He also said that he led the CIA to Al-Qaeda leader in Yemen Anwar Al-Awlaki, who was killed in a drone attack last year.
The convert moved to Luton in 1999, where he told community leaders that he wanted to start a new life after a history of extremism.
However, he started to propagate his radical ideas in an effort to lure young Muslims into his line.
“Certain people here propped him up, such as Al Muhajiroun,” Baksh said, referring to an outlawed Islamist group in Britain, which has an office in Denmark.
“They made him their scholar.”
The Muslim leader said that the undercover had tried hard to spread his radical ideas in the Muslim community.
“He tried very hard to spread mischief in the community,” he said.
“He would come to us and tell us his views, and we would send him away with his tail between his legs.”
Peaceful Muslims
Baksh said the radical ideas championed by the undercover largely fell on the deaf ears of most Danish Muslims.
“He was running around here, there and everywhere, with a corrupt version of Islam, and leading people astray,” he said.
“There are extremist jihadists in Luton and he was propagating their thoughts among young people, spreading lies about Islam.
“We thought he was probably being watched by the security services.”
The Muslim leader said that the behavior of the convert had raised suspicions in the community.
“Early on I had my suspicions about him, but I didn’t have clear evidence,” Baksh said.
“We know the CIA do conduct sting operations.”
The CIA and FBI are used to use fake operations to trap what they say “potential terror” suspects.
But the technique has sparked anger among US Muslims, who accuse the two agencies of trapping young Muslims into terrorism.
In 2009, Muslim groups had threatened to suspend all contacts with the FBI over its tactics of sending informants into mosques to trap worshippers.

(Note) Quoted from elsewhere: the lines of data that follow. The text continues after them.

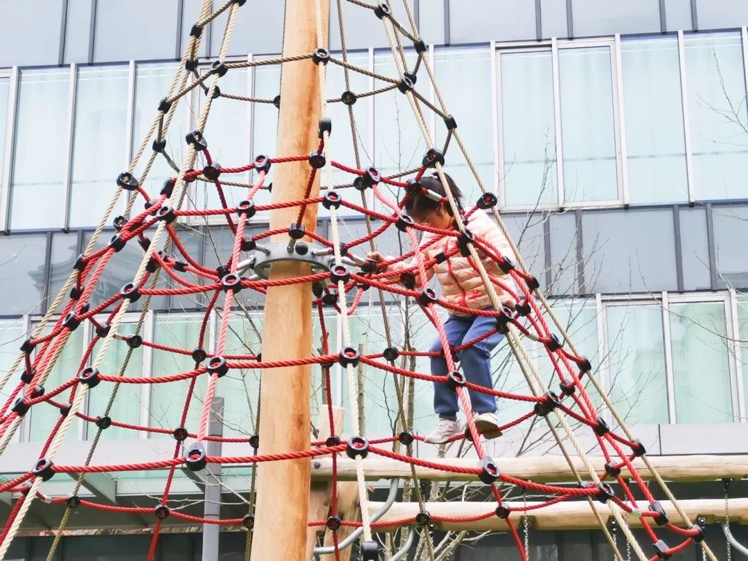 记者在现场看到,综合游乐区配有两大无动力设施。位于“C位”的勇者攀爬架,外形轮廓形似一座小山,依据人体工程学打造,可同时容纳多人。据介绍,该设施的攀面使用大网格设计,下端攀网具有弹跳性,便于攀爬穿梭,可锻炼攀爬者的上肢力量和平衡感。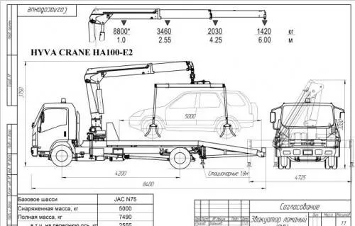 Эвакуаторная надстройка создана из легированной стали. Его элементы прошли специальную обработку в дробеструйной и окрасочной камере. Грузоподъёмность составляет 6 тонн. Погрузочная длина платформы – 5,2 м, габаритная ширина – 2,5 м. Минимальный угол заезда – 12 градусов. Механизм фиксации отличается высокой надежностью. Аппарели сдвигаются и раздвигаются для погрузки машин и оборудования.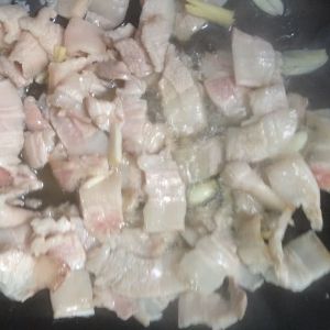 锅内加入少许油,将五花肉入锅煸炒,直到肉变成金黄色盛出来(期间不用放任何调料),将多余的油沥出留在锅内。

“The vast majority of Muslims just want to get on with their lives and practise their religion in peace,” Baksh said.
Denmark is home to a Muslim minority of 200,000, making three percent of the country's 5.4 million population.
The Scandinavian country was the focus of Muslim anger in 2005 after a newspaper published cartoons lampooning Prophet Muhammad (peace and blessing be upon him).
Following the cartoons crisis, Muslims worldwide took many initiatives to remove widely circulated stereotypes about Islam in the West.Danish Muslims established the European Committee for Honoring the Prophet, a grouping of 27 Danish Muslim organizations, to raise awareness about the merits and characteristics of the Prophet.